Excerpted data:
▶

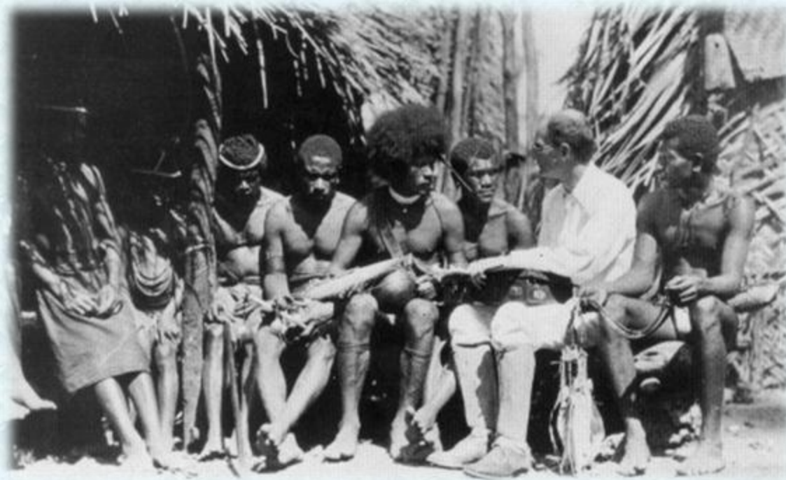
Bronisław Malinowski przeprowadza wywiad z mieszkańcami Triobrandów
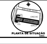
PLANTA DE SITUAÇÃO ESC.
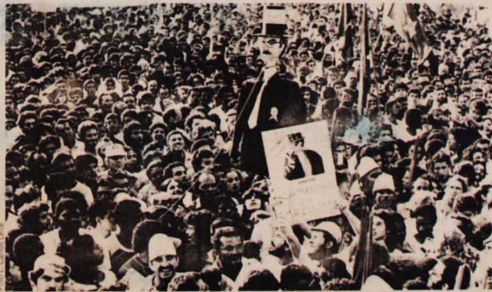
Osasco, dia 19, 20 mil na praça: o veto dos ministros militares só fez aumentar o tamanho das comícios

be-se que estes senhores estão apertados entre a pressão das multidões e a tentação de vender-se a peso de ouro no leilão dos "presidenciais". Até agora parece que a maioria, pragmática, prefere o ouro. Mas muita água ainda vai correr até o dia da votação da emenda — e depois dele, até 15 de janeiro de 1985, quando pelas regras atuais seria eleito o sucessor de Figueiredo. Daqui para lá, o portentoso movimento pelas diretas tem todas as condições de alcançar a vitória. (Bernardo Joffily)
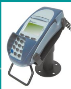
Dreh- und schwenkbare Terminalhalterung (Option)

◀

Assignment: Repeat the records above word for word, apart from the pictures.

Exercise output:
Bronisław Malinowski przeprowadza wywiad z mieszkańcami Triobrandów
PLANTA DE SITUAÇÃO ESC.
Osasco, dia 19, 20 mil na praça: o veto dos ministros militares só fez aumentar o tamanho das comícios

be-se que estes senhores estão apertados entre a pressão das multidões e a tentação de vender-se a peso de ouro no leilão dos "presidenciais". Até agora parece que a maioria, pragmática, prefere o ouro. Mas muita água ainda vai correr até o dia da votação da emenda — e depois dele, até 15 de janeiro de 1985, quando pelas regras atuais seria eleito o sucessor de Figueiredo. Daqui para lá, o portentoso movimento pelas diretas tem todas as condições de alcançar a vitória. (Bernardo Joffily)
Dreh- und schwenkbare Terminalhalterung (Option)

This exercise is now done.